_Exercise instructions_: The material below holds the lines to copy: from the one with "Reparem que na" up to and including the one with "Die Lanzarote -App". Copy them exactly and skip the pictures.

(Data extract Opens)

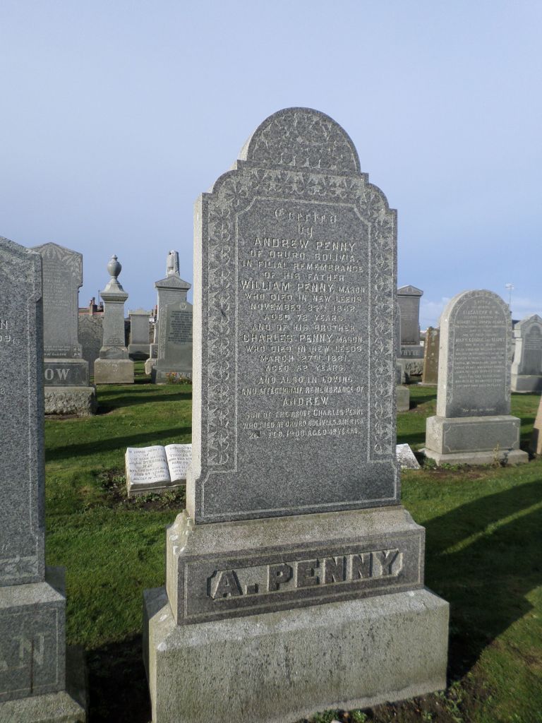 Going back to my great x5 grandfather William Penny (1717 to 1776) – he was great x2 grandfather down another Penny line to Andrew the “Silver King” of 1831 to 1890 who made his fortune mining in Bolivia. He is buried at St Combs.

(Data extract Closes)
(Data extract Opens)

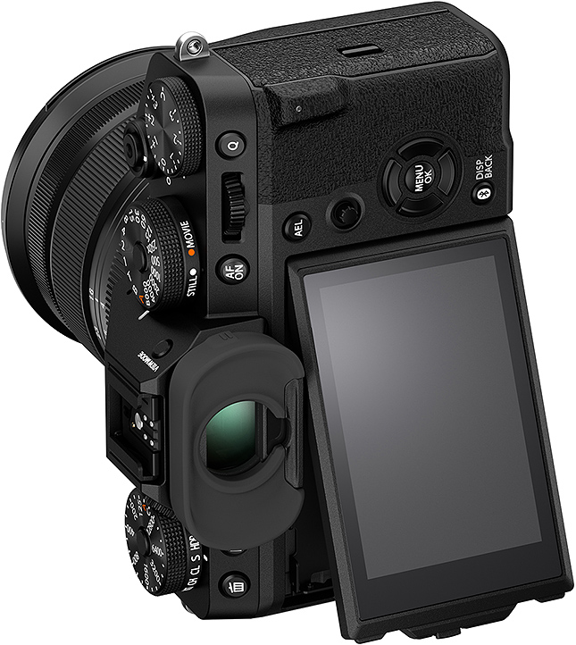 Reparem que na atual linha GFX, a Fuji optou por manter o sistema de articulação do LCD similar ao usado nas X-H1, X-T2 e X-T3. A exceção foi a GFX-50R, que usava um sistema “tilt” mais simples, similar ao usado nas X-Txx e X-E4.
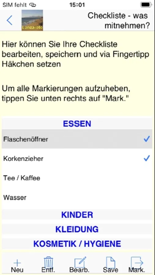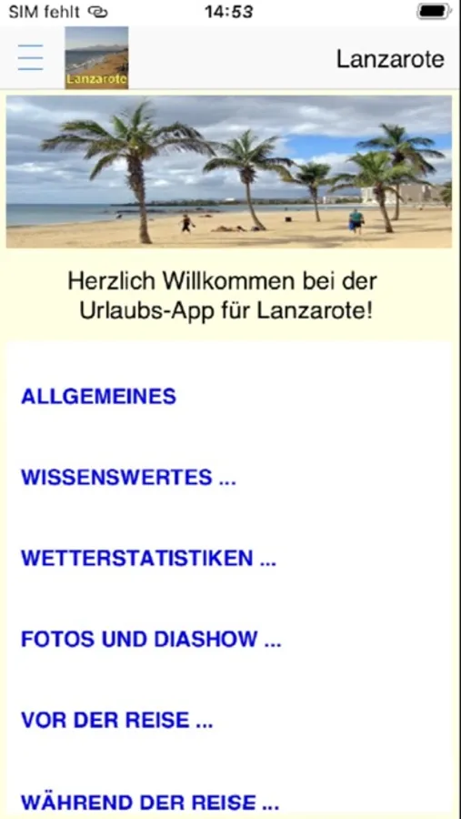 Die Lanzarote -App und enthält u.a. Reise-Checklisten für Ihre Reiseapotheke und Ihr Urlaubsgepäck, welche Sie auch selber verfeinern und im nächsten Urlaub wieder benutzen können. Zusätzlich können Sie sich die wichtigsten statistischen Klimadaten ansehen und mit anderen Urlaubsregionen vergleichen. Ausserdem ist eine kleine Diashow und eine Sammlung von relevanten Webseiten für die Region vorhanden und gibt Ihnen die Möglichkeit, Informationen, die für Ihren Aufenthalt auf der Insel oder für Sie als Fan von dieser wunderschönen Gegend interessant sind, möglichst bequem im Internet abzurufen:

(Data extract Closes)

_Reply_:
 Reparem que na atual linha GFX, a Fuji optou por manter o sistema de articulação do LCD similar ao usado nas X-H1, X-T2 e X-T3. A exceção foi a GFX-50R, que usava um sistema “tilt” mais simples, similar ao usado nas X-Txx e X-E4.
 Die Lanzarote -App und enthält u.a. Reise-Checklisten für Ihre Reiseapotheke und Ihr Urlaubsgepäck, welche Sie auch selber verfeinern und im nächsten Urlaub wieder benutzen können. Zusätzlich können Sie sich die wichtigsten statistischen Klimadaten ansehen und mit anderen Urlaubsregionen vergleichen. Ausserdem ist eine kleine Diashow und eine Sammlung von relevanten Webseiten für die Region vorhanden und gibt Ihnen die Möglichkeit, Informationen, die für Ihren Aufenthalt auf der Insel oder für Sie als Fan von dieser wunderschönen Gegend interessant sind, möglichst bequem im Internet abzurufen:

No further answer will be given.